Может быть, Джаннино, думал Стефано, был бы счастлив хоть раз напиться. Может быть, тюрьма и значит только это: невозможность напиться, убить время, провести необычный вечер. Но Стефано знал, что у него есть нечто большее, чем у Джаннино: страстное и неутолимое плотское желание, заставлявшее его забывать о мятых простынях и грязной одежде. А пока, по крайней мере в самом начале, камера убивала, как болезнь и голод.
В прохладе этих последних дней года Стефано, при полном безразличии к другим событиям или связям, как раз наслаждался последней капелькой тепла своего тела, еще тлеющей в нем искрой. Действительно, иногда в мертвенно-бледные утра происходило только то, что он просыпался, измученный желанием. Пробуждение было печальным, как у того, кто в тюрьме во сне забыл об одиночестве. И в четырех стенах замкнутого дня больше ничего не происходило.
Стефано, и не думая гордится, поговорил об этом с Гаетано.
— Кто знает, почему зимой я такой возбужденный?
Гаетано снисходительно его слушал.
— Иногда я думаю, что это летнее солнце. Этим летом я так нахватался его и теперь чувствую… Или, может быть, перец, который кладут в подливки… Я начинаю понимать, почему Джаннино и другие насильничают. Мне кажется, что я опунция. Повсюду вижу перепелок.
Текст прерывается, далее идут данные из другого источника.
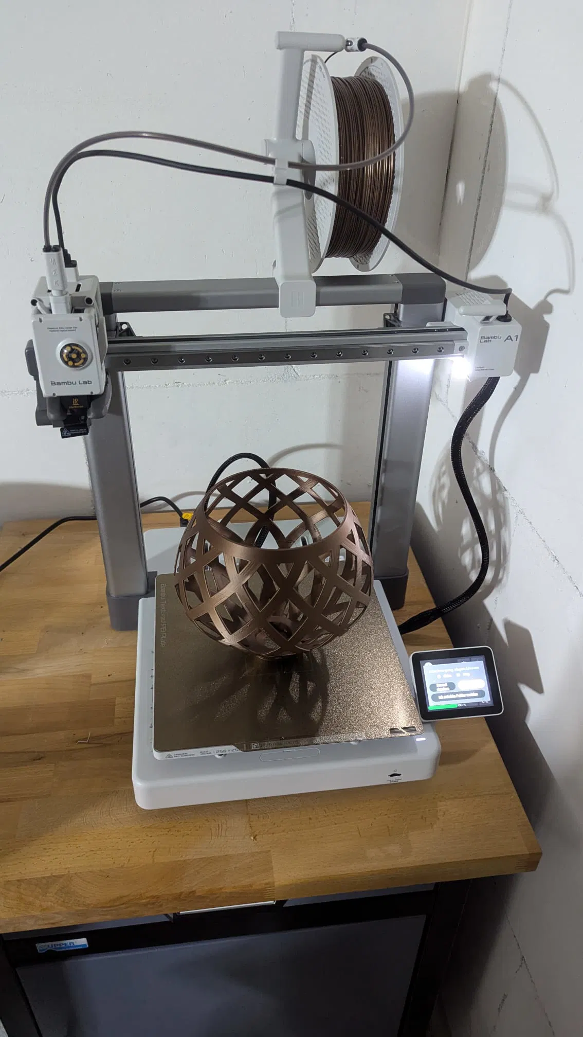 Nhớ chỉnh tốc độ máy in chậm lại nha. Tui gặp chút trục trặc khi in bằng bambulab A1 với tốc độ 150mm/s nên tui đã giảm tốc độ tường ngoài xuống còn 60mm/s. Mất 12 tiếng nhưng tui có được kết quả gần như hoàn hảo.

— Еще бы! — воскликнул Гаетано. — Мужчина всегда мужчина.
— Что об этом скажет Пьерино? — обратился он к фининспектору, который, завернувшись в накидку, курил у стойки.
— У каждого свои трудности, — ответил тот. — Попросите разрешения у капрала.
— Феноалтеа, возьмите меня поохотиться на перепелок, — прохныкал Стефано.
Они отправились прогуляться по изрытой ручейками дороге. Шагая, Стефано поглядывал на вершину холма.
— Зимой туда наверх не ходят?
— На что вы хотите посмотреть? На панораму? — спросил Пьерино.
— Он собирается размять ноги, — задумчиво объяснил Гаетано.
— Если бы он мотался по ночам, как по службе приходится мне, то не нужно было бы разминать ноги.